Descartes creía que allí, en un lugar concreto, en la glándula pineal, se encuentra el alma humana, y los hinduistas sitúan el tercer ojo justo en ella. Hoy la ciencia ha dejado de creer en el alma y desecha cualquier percepción que no sea la sensorial, pero sigue constatando la existencia de esta glándula, situada en el hipotálamo y encargada al parecer de hacernos percibir los cambios de luz (cuanta menos luz haya, más melotonina segrega), además de regular nuestro sueño. Mide no más de 5 milímetros, pesa más de 100 miligramos y tiene forma de guisante conoidal. Pues bien, unos científicos estadounidenses han identificado, por ahora en la trucha, el salmón y el pez cebra, un gen (agrp2) situado en la glándula pineal, que se encarga del camuflaje de estos animales. Esta proteína, afirman sus descubridores, posibilita que estos peces cambien de color como adaptación a su entorno.
Uno se pregunta qué hubiera pensado Descartes si hubiera sabido que el alma es la encargada de adaptarnos a las inclemencias de nuestro entorno, que la inteligencia (alma racional, que se decía por entonces) no es el órgano superior que nos emparenta con Dios, sino una prosaica herramienta de camuflaje, compartida con otros muchos animales, como peces o reptiles. No hubiéramos tenido que esperar a Darwin para saber a ciencia cierta que somos no más que unos animales que hablan, que nuestra superioridad en la escala evolutiva es una fabulación más con la que nuestra especie huye de su propia condición animal. Hasta el siglo diecinueve se creía que el alma caracterizaba la especificidad y superioridad del ser humano frente al resto de seres vivos. Darwin y Freud se encargaron de aguarnos la fiesta, colocando al homo sapiens en una rama más del frondoso árbol evolutivo, sometido a las mismas contingencias biológicas que el resto de mortales.

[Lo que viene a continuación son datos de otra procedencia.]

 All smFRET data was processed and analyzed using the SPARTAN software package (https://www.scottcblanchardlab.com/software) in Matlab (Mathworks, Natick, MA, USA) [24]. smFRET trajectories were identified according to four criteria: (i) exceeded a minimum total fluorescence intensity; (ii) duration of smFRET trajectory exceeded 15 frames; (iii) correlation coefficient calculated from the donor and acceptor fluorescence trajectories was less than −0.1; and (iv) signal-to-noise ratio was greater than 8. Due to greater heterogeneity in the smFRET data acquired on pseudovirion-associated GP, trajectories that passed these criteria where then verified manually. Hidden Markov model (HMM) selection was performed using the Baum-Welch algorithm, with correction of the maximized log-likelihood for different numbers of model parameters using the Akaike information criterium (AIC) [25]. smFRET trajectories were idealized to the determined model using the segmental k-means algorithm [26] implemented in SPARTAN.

Incluso a estas alturas de la historia puede que existan algunos homínidos se resistan a pensar que son algo más que mamíferos con ínfulas. Sin embargo, la mayoría de los seres humanos, especialmente aquellos que desde muy pequeños son castigados con la feroz contingencia de la pobreza, saben muy bien que la inteligencia no es más que un recurso eficaz para buscarse la vida como uno puede (o le dejan). Aquellos que tienen por herencia, suerte o esfuerzo el pan diario sobre la mesa quizá puedan permitirse travestir el oropel en oro blanco, ascendiendo a la categoría de alma la infausta adaptación a las circunstancias. El resto, más de los que creemos, mantiene activa su glándula pineal, por si las moscas. Y el alma, haberla, habrala, pero en la otra vida. Que en ésta de sueños y literatura andan sobrados los cementerios.